Executive Rewind: Don’t Take Lessons From Politicians
They have a maddening habit of evading questions.
It’s a reputation that is well-deserved and earned over many years of practice. It’s a technique executives should shun; a bad habit that will tick off your target audiences.
Case in point, Republican Congressman Adam Putnam of Florida. Interviewed recently on the Fox News Channel—often accused of being the Republicans’ news network—Putnam’s feet, nonetheless, were put to the fire by Neil Cavuto. In effect, Cavuto asked “Who are you to talk?” when Putnam warned that the newly Democratic-controlled Congress would be raising your taxes and spending even more of your money to inflate the size and influence of government.
So Cavuto challenged him on GOP spending habits, especially over the past six years after inheriting a budget surplus. The business show host reminded Putnam how billions of dollars worth of Republican pork and the ever-popular practice of earmarking (does “the bridge to nowhere” ring a bell?), on top of the spending on the war in Iraq, have bloated the deficit significantly.

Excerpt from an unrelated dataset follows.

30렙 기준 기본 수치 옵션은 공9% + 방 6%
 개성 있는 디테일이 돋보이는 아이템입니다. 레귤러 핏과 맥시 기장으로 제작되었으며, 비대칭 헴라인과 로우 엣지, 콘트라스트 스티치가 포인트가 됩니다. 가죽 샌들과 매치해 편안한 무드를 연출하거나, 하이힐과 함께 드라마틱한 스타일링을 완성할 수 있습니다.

Putnam evaded. Cavuto let him pontificate for awhile and then asked again. Again, Putnam dodged, until, fully more than two minutes into the interview, he finally got around to barely acknowledging what we all already knew, that the Republicans “got carried away.” His evasion was a distraction, blurring any positive points he might have earned for the messages he intended to deliver. The congressman went into full speed spin.

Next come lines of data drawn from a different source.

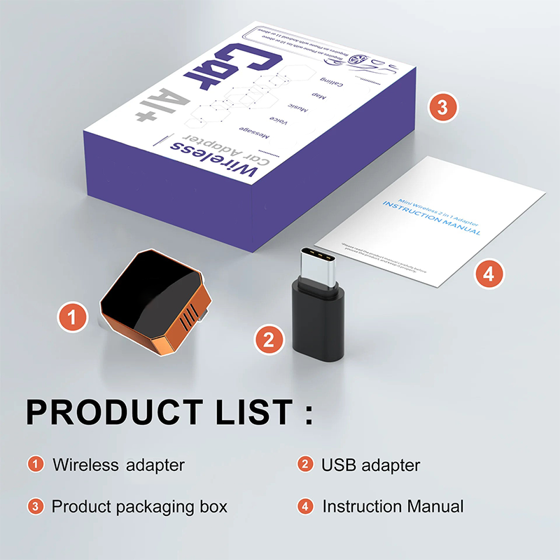 • 1 × Inteligentny adapter bezprzewodowy do systemów CarPlay i Android Auto (Kompatybilny z Polską!)
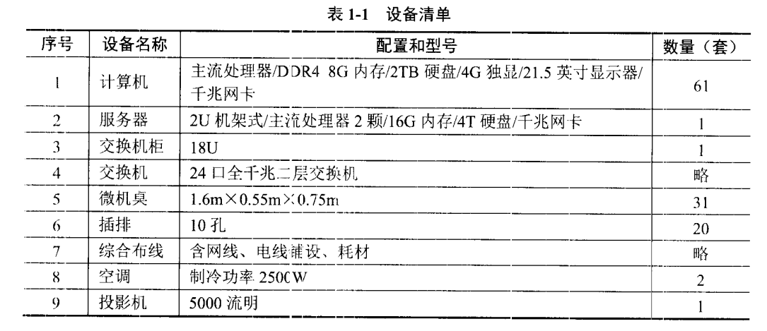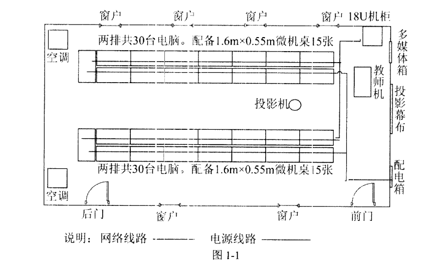 某学校拟建一个计算机机房,机房管理员设计了如图1-1所示的机房布局示意图,表1-1是设备清单。
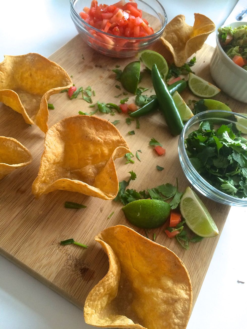 Lightly brush tortillas with oil and bake in an upside-down muffin pan. For more recipe info: http://frommeat2roux.com/2015/01/31/mini-burrito-bowls/

What if he had simply said at the outset that, “Yes, indeed, spending was out of hand, but consider what Republican tax cuts have done for government revenues and budget deficit reductions…” The admission up front blunts the opening question and paves the way to communicating critical points that are not lost in the distraction of evasion and spin.
Attempt evasion and spin at your own risk. Audiences will notice and they don’t like it, probably anymore than you do when you hear someone else doing the same thing.